Re: Quantum Immortality and Information Flow

From: Bruno Marchal <marchal.domain.name.hidden>
Date: Fri, 9 Dec 2005 19:04:19 +0100

Le 08-déc.-05, à 22:21, George Levy a écrit :


> Bruno Marchal wrote:
>>
>> Le 05-déc.-05, à 02:46, Saibal Mitra a écrit :
>>
>>
>>> I still think that if you double everything and then annihilate only
>>> the
>>> doubled person, the probability will be 1.
>>
>>
>>
>> Actually I agree with this.
>>
>>
>
> So far we have been talking about splitting universes and people.
> Let's consider the case where two branches of the universe merge.



Of course this is the an hard and interesting question ... I would say
that Everett, Deutsch, Hartle somehow answer it in the quantum realm. I
would say that empirically or "apparently", at the bottom there is
neither elimination of information, nor duplication of information.
Irreversibility and non cloning.
I believe comp entails this too. Got evidence from the interview with
the Lobian Machine, but also from some intuitive way to put (first
person) measure on the computational histories generated by the UD.





> In other words, two different paths eventually happen to become
> identical -

At the bottom I don't think this can happens. Like Deutch I think that
both bifurcation and fusion are really differentiation and
dedifferentiation by *apparent* lack of memory.

Remember Y = II If you "bifurcate" I think you just grow
the measure on your past. If you fuse consistently you don't change the
measure.

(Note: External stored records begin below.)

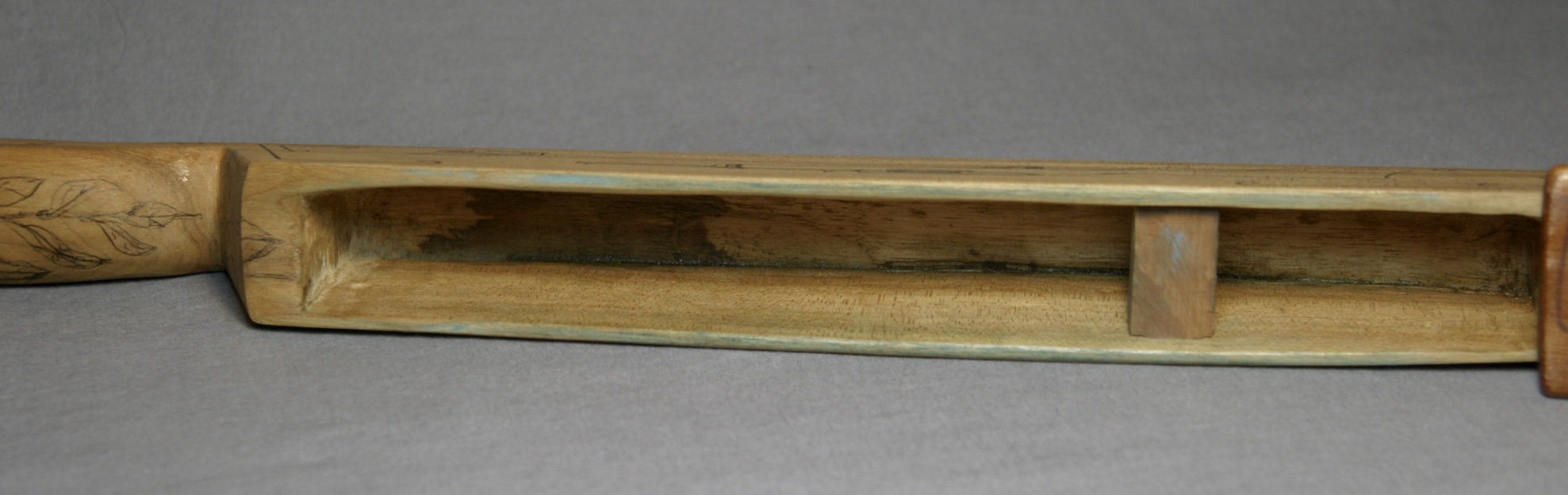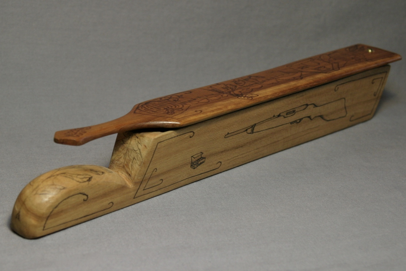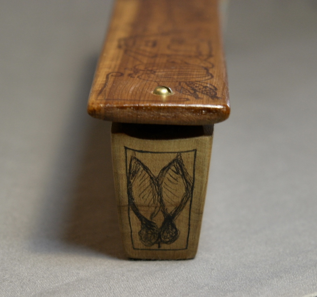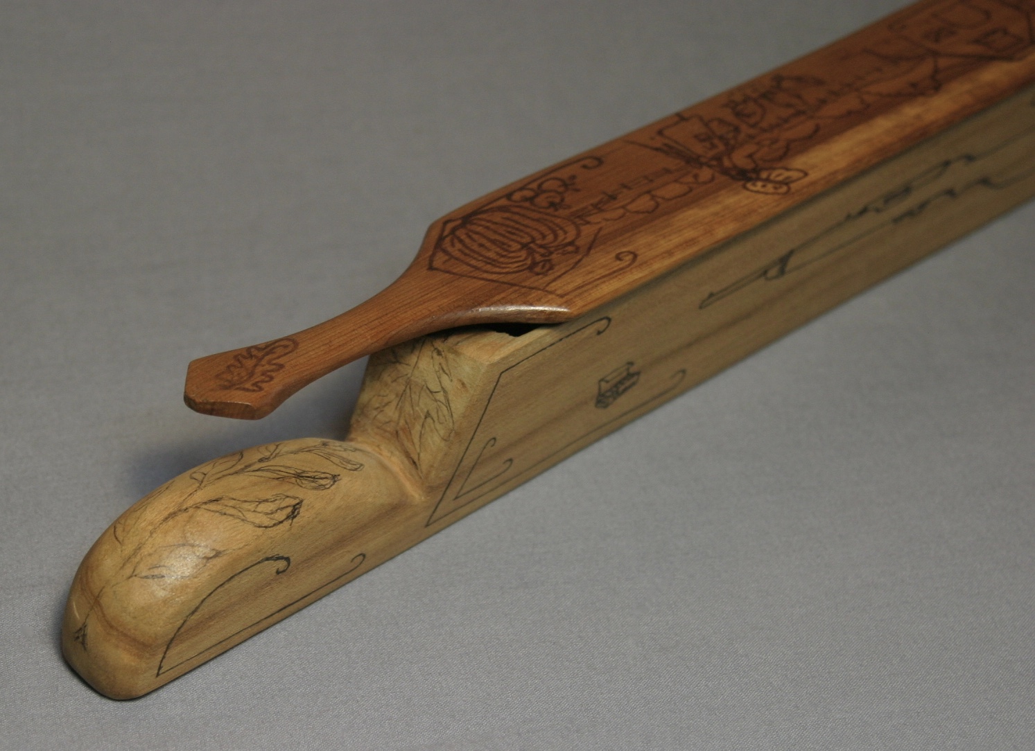 This is great, long fence post box call from Walter Winterbottom. There are drawings on all sides of the call, with the exception of the bottom which is signed by Winterbottom. The paddle features a woman in a bonnet throwing corn to chickens in the yard. Pumkins, corn, tomatoes, and gourds decorate each end of the top of the paddle. Each side of the box has a shot gun and box of shells. The ends and handle, seeds and leaves.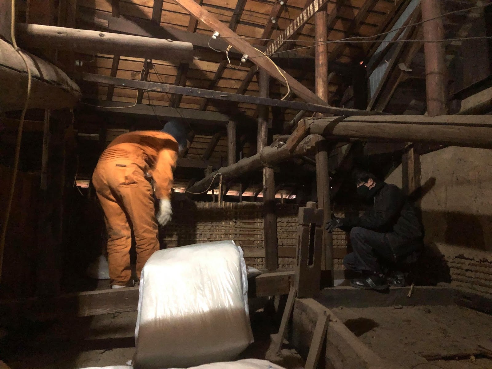 最近は津和野でも雪がチラホラ降ってきて、DIY作業も寒さとの戦いになってきました。営業開始後も冬に暖房の熱が逃げないよう、屋根裏に断熱材を敷き詰める作業を行いました。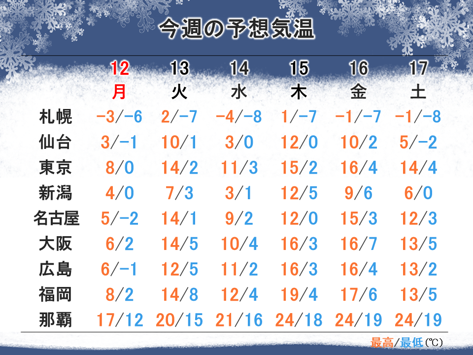 今週は寒暖の差が大きい1週間となりそうです。12日(月)は前日の寒気の影響が残り、朝の冷え込みが厳しいでしょう。路面凍結による交通障害に十分ご注意ください。日中も気温が上がらず冷たい風が吹く見込みです。万全な防寒対策をしてお出かけください。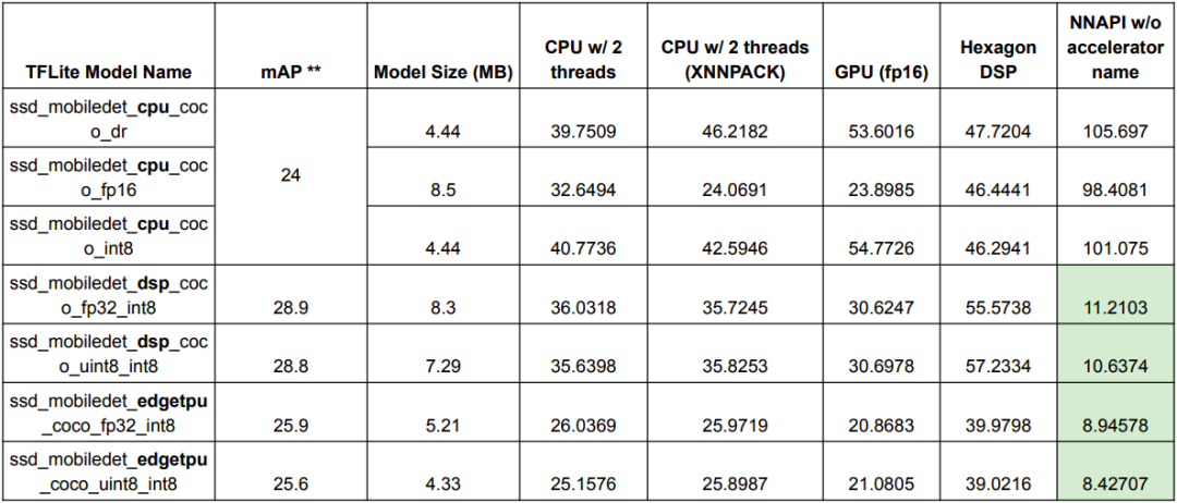 重要说明:MobileDet 的 EdgeTPU 和 DSP 变体需要在各自对应的硬件加速器上运行。这些加速器需要具有全整数精度的模型。因此,利用动态范围和 float16 量化转换 EdgeTPU 和 DSP 变体并没有任何实际用途。
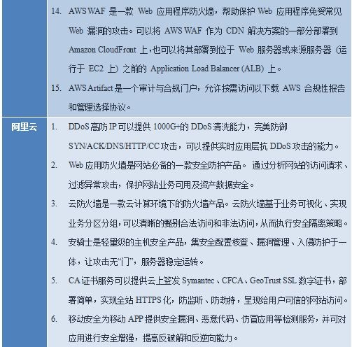 现在我们仍以公有云为例,下面通过AI技术热点方向及安全产品能力两个维度看一下当前国内外的云服务提供商自身在新技术能力支撑、安全产品方案方面布局与积累。以下两个表格分别对比列举了国外的亚马逊AWS云及国内的阿里云的相关情况。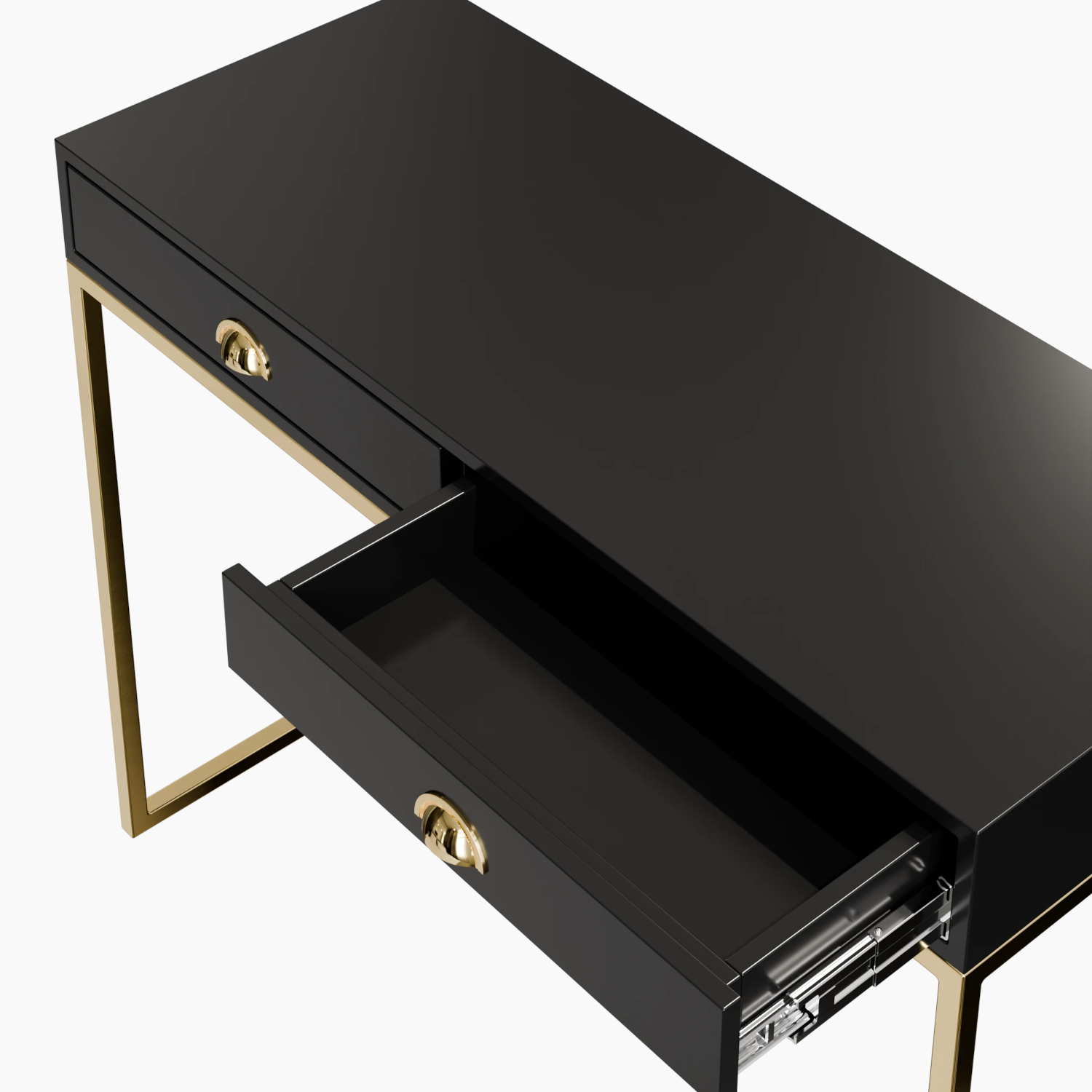 • Estrutura do tampo em MDF com acabamento em laca e recoberto com vidro 4mm na mesma cor da laca.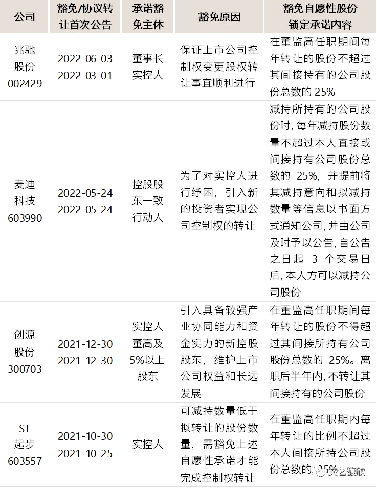 因此,对于这部分上市公司来说,若上市若干年后需要转让部分存量股来引进战略投资人,甚至转让控制权,就必须要豁免股东的自愿性股份锁定承诺。

To be sure I have also different arguments in favor of an
increase of measure when you fuse (loosing memory makes greater your
possible histories, like substracting equations in a system of
equations augments the possible number of solutions (the Galois
connection).
All this is very difficult, that I think we should take benefit of
Godel, Lob, Solovay and the discovery of the (modal) logic of
self-reference G and G* to ask the opinion of a universal machine ...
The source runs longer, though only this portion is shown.